BossyGardenerBabbles

What NOT to do with Petunias!!!!!

Posted in Gardening in Grand Junction, hanging baskets, petunias, Uncategorized by Judith Curtis-Mardon on July 22, 2010

This is a photograph of a hanging basket of petunias—there are LOTS of these pitiful looking

Call the Petunia Police!

 petunias hanging around in town this year—and I consider this evidence of a crime against petunias. WHERE are the Petunia Police?

I actually offered to cut these blooms back for the owner, so that the plant could regenerate and renew itself, but I was turned down—really! Yes, that was indignation you heard in my tone.

The reason? “There’s still some color on it!” Uh huh. Please—those few remaining blooms are the last gasp of a nearly exhausted annual, and you’re prolonging the agony. And, you’re wasting your plant dollars, because you’re getting the least from the petunias, instead of the most.

The most annoying thing about this is that later, this same person is going to complain that she just can’t seem to keep petunias pretty—that they always disappoint her. Well, she’s disappointing the petunia.

Generalization: Once an annual has bloomed, if it isn’t pinched or cut back, it will think that its job is over and it will begin to send energy to the seeds instead of to the blooms. They can’t help it—that’s what they do. So you, the gardener, can either accept that, and get one burst of bloom from your annuals, OR, you can trick the annual into thinking it’s still time to bloom, so that it will keep blooming. The “trick” is removing the blooms, AND THE SEEDS, after the first bloom begins to fade.

This is not absolutely true about all annuals, but it is very much true of petunias. If you don’t pinch off both the bloom and the little green cap at the base of the bloom, you get scraggly looking plants like the petunia in the basket.

In this photo you can see a few last-minute, top-of-the-stem blooms—further down the stems, you can see dried blooms that are still hanging on, and you can see all the empty seed caps that remain after the blooms fall off. Every one of those faded bloom locations has now received the message that bloom-time is over, so they’re busy setting seed and getting ready to die. This ia a real waste of petunia-power.

If, as the plant bloomed, the fading blooms had been removed as they faded (it only takes a couple of minutes a day, and it can be very Zen!), this plant would look full, healthy, and the blooms would occur all over the plant, instead of at the ends of used up stems. This plant is just sad.

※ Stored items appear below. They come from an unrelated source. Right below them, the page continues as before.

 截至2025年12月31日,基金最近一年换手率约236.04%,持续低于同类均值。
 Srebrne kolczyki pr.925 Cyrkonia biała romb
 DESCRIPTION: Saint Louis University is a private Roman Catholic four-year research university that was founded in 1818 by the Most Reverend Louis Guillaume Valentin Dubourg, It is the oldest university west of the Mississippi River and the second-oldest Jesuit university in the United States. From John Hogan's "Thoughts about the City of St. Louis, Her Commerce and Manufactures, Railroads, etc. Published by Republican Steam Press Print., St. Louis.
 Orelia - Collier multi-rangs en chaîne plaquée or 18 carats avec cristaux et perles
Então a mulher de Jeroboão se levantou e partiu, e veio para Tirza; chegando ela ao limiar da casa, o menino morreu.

If the plant were cut back hard at this point, it might be able to perform at least one more bloom, but it will take longer than the owner will want to wait, so it probably won’t get done. Instead, it will hang there until it produces its very last, pitiful bloom, and then it will look awful until it’s discarded. It will be discarded, with disgust, because it just didn’t do what the owner wanted—it didn’t bloom over and over again.

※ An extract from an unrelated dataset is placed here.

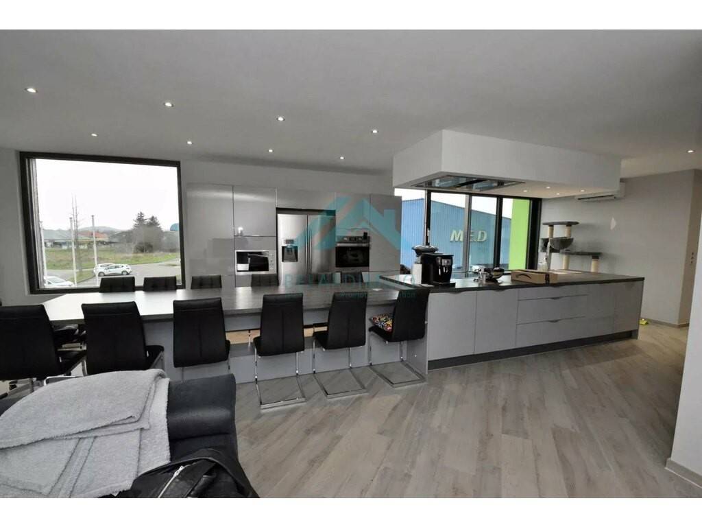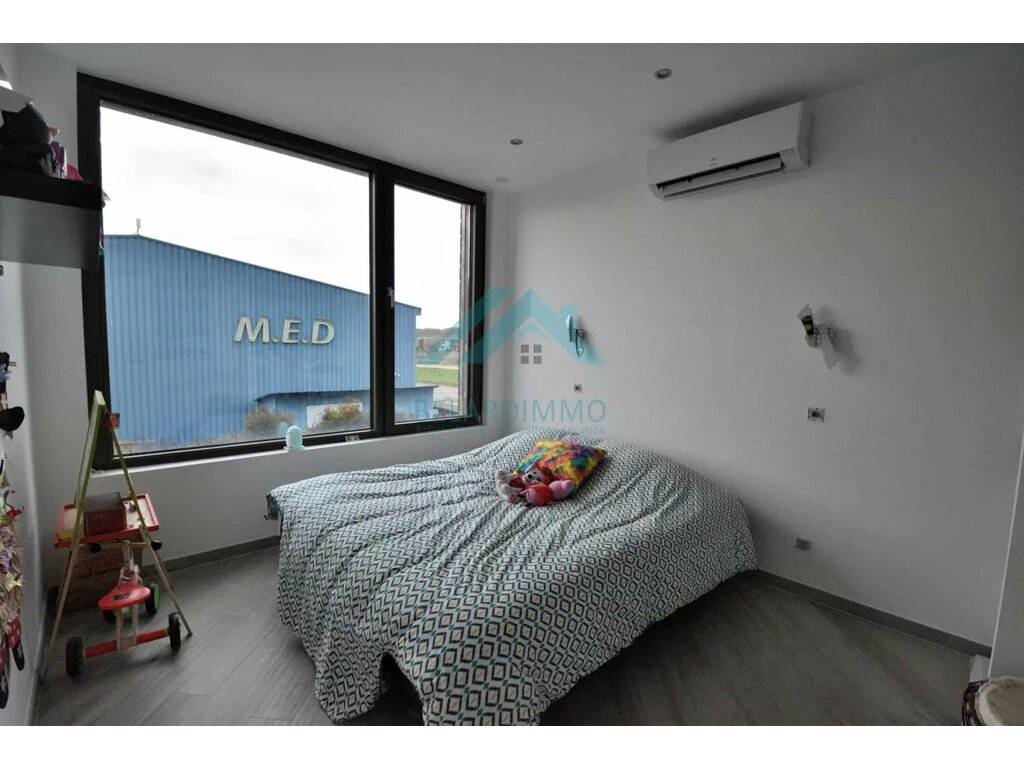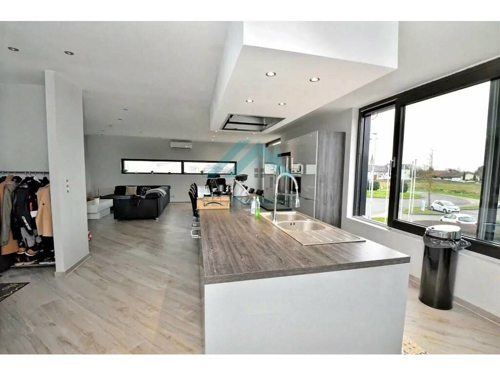 Belardimmo vous propose cette très belle maison individuelle d'architecte de 2018 (Garantie décennale) d'environ 280m² Brut dont 180m² habitables avec ascenseur, sur un terrain d'environ 16 ares avec un hangar de 270m² sur l'arrière du terrain ( anciennement garage automobile), située dans une zone d'activité économique de Cattenom Hussange qui a l'avantage d'être une zone ou il n'y a aucunes nuisances de voisinage autour de la maison, celle-ci est composée comme suit:

Well-groomed petunias will bloom pretty steadily from spring through to frost. That’s true of nearly all well-groomed annuals. If you don’t want to do the grooming, then you’re simply making the term “annual” more literal than is necessary.

Poorly groomed petunias are ugly—they don’t die pretty. They don’t just shrivel up and disappear politely—they look post-nuclear when they languish.

If any of your petunias look like this right now, it’s time for emergency intervention. Cut them all the way back to the green leaves at the base. Water them, and keep them moist, but not wet. Don’t feed them with anything stronger than root stimulator—a week later you can begin feeding them weekly with a water-soluble plant food. Keep them watered, and fed, and pray to the Petunia Gods to forgive you for your sins. Promise to do better, keep the promise, and the petunias will reward you with season-long beauty.